Saturday, November 8, 2008

Election Night Coverage



Part of me wished that I was back in America on election night 2008 to join the celebrations and have a closer encounter with the sense of a new era dawning. Call me a nerd, but I was nevertheless quite content with the situation I found myself in – comparing election night coverage between three major broadcasters: CNN, BBC, and Al Jazeera.

I have a friend who works as a journalist, and when I asked him his opinion about Al Jazeera, he was rather harsh and upset about the supposed anti-American slant they bring to their news. I noticed nothing of the sort as I watched their brilliant, yes brilliant, coverage. By the end of the election, my objections with CNN’s approach to media was affirmed. Here is a list of things that struck me about Al Jazeera and CNN’s coverage:

1. Did anyone notice that CNN aired at the Obama rally in Grant Park? I first noticed it when I saw beer ads running on the enormous screens at the rally. Then the unmistakable CNN = Politics slogan flashed on the screen, and I was sure. What is the connection there? And why did CNN political correspondent Candy Crowley get to be among the selected few reporters to ask Barack a question at his first press conference as President Elect?

2. Al Jazeera interviewed Robert Fisk. Fisk’s hallmark is honest and critical dialogue on controversial issues I have never seen Fisk interviewed on any news network. Then they interviewed Jesse Jackson AND JJ Jr. at Obama’s rally. The round table discussion were equally fascinating – notably one with a rapper called “Son of a Nun” from Baltimore, and other interesting roundtables in Kabul and Tehran.

3. No commercials aired during Al Jazeera’s coverage of election night. Absolutely incredible.

4. Al Jazeera stationed reporters throughout the world on election night to capture in real time the world’s reaction to the unfolding election. Correspondents reported from Kabul, Moscow, Kenya, Albania, Germany, Iran, Brazil, China, Zimbabwe, Canada, and many other nations. CNN followed its strict formula of studio, rally, and various city shots. CNN has a tendency to overanalyze the little things and does not strive to capture a global reaction to how events, especially the election, unfold. Al Jazeera did brilliant work in this respect, really capturing honest footage on how regular people around the world were reacting. My favorite piece of info was from the village of Obama’s father in Kenya, where two cows were slaughtered in honor of their native son’s historic victory.

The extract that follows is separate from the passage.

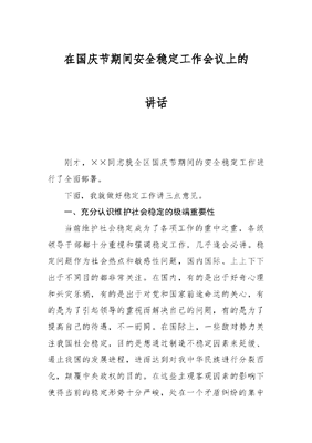 在国庆节期间安全稳定工作会议上的讲话.docx
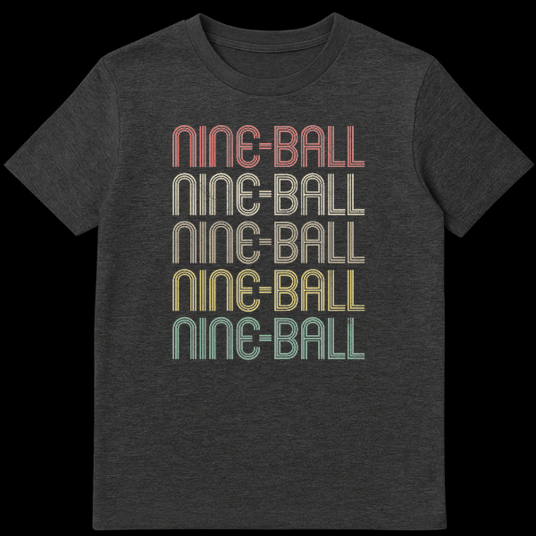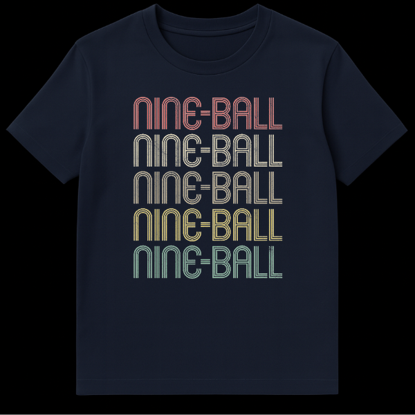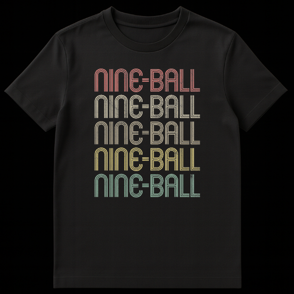 Celebrate your passion for cue sports with this vintage-inspired Nine-Ball t-shirt. Featuring the iconic game name repeated five times in a distressed, multi-lined typography, it’s a direct nod to your favorite billiard game. Perfect for players and fans, this design captures a nostalgic vibe for anyone dedicated to the felt.

5. What’s up with CNN’s slogan? CNN = Politics?  Are we really such a short-tempered and mathematically inept viewership that we need an A = B formula to tell us why we watch CNN?  I think it has something to do with the increasing impatience we are seeing in our media-frenzied universe, where it is becoming more apparent that if you can’t hook a viewer with a sexy slogan, then you lose them. Quality dissolves as a result, but it’s not CNN’s fault. They just perpetuate the system.  Al Jazeera's election night coverage sans commercial at least indicates to me that it enjoys a reasonable amount of journalistic integrity.

What a silly thing to write about.

2 comments:

beccamess said...

Al Jazeera rocks. They broadcast it in Ghana, so I watched it when I was there. It was really refreshing coverage...you get real in-depth stories from places you neeever hear from on CNN. Like Asia. And Africa. And it was smart reporting, not sensationalism.

Raffi how are you!? I am enjoying your blog.

-Becca

Anonymous said...

i agree, raf. cnn is more like a tabloid than a serious news broadcast. i especially get irritated by how they deliver their news in a panic-stricken state of frenzy. ugh!